Я еще раз обвел взглядом других ребят. Евгений Стариков отрешенно смотрел в пол, Петя Жарков с любопытством заглядывал мне в глаза, а Вася Долин испуганно глазел на Штерна. Времени, чтобы подумать совсем не было – с одной стороны меня одолевало чувство беспокойства. Это было именно беспокойство – страх ушел, когда мы вошли в кабинет к Штерну. Я колебался, стараясь все взвесить и осознанно подойти к этому решению, но прагматик из меня был никудышный, и чувство здравого смысла в очередной раз было отправлено в глубокий нокаут неистовым любопытством и жаждой перемен.
Я поставил подпись и товарищ Штерн, который ожидал моего решения в напряжении, даже улыбнулся и позволил себе очередной раз затянуться сигаретой.
- Ну, а вы что, товарищ Долин? - обратился он к последнему оставшемуся. – Тоже сомневаетесь?
Вася смотрел на меня, пытаясь угадать причину принятого мной решения, и голос Штерна заставил его немного отвлечься.
- Да, что ж я, в самом-то деле! – ударил он себя по лбу ладошкой. – Один единственный, что ли не подпишу? Я вот решения товарища Порушева ждал – кабы он отказался, я бы тоже не стал. Никогда ведь белой вороной не был и не буду!
- А иногда полезно, знаете ли! Не стоит ввязываться в это только потому, что вы не хотите быть белой вороной. Возможно, вы видите этих людей первый и последний раз.
- Будь, что будет! – махнул рукой Вася и подал Штерну. Тот лишь пожал плечами, но с жадностью вырвал из рук Долина документ.

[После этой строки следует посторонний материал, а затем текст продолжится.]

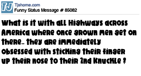 X says What is it with all Highways across America where once grown men get on there.. they are immediately obsessed with sticking their finger up their nose to their 2nd Knuckle ?

- Мои поздравления, товарищи, - торжественно проговорил он. – Добро пожаловать в Георгиевский Кооператив. Для вас этот день навсегда останется в памяти.
Он затушил сигарету и принялся собирать вещи: достал папки с нашими делами и вложил в каждую из них подписанные нами документы.
- Постойте, - сказал недоумевающий Жарков. –А как насчет того, чтобы объяснить нам все про этот кооператив? Неужели мы вот так разойдемся? Мы все ждем объяснений, товарищ Штерн.
В ответ на эту реплику Исаак лишь улыбнулся.
- К сожалению для вас, товарищи, и к счастью для меня, в мои обязанности не входит разъяснение кандидатам теоретических основ службы в организации. Для этого существует целое отделение, занимающееся обучением сотрудников кооператива. Вам предстоит пройти курс обучения под руководством опытнейшего преподавателя Бронислава Борисовича Барсукова. Центр обучения находится в этом же здании на цокольном этаже. Теперь стены ГК (так мы сокращенно называем нашу организацию) станут для вас родными.
Штерн деликатно указал нам на выход, и нам ничего более не оставалось, как покинуть его кабинет.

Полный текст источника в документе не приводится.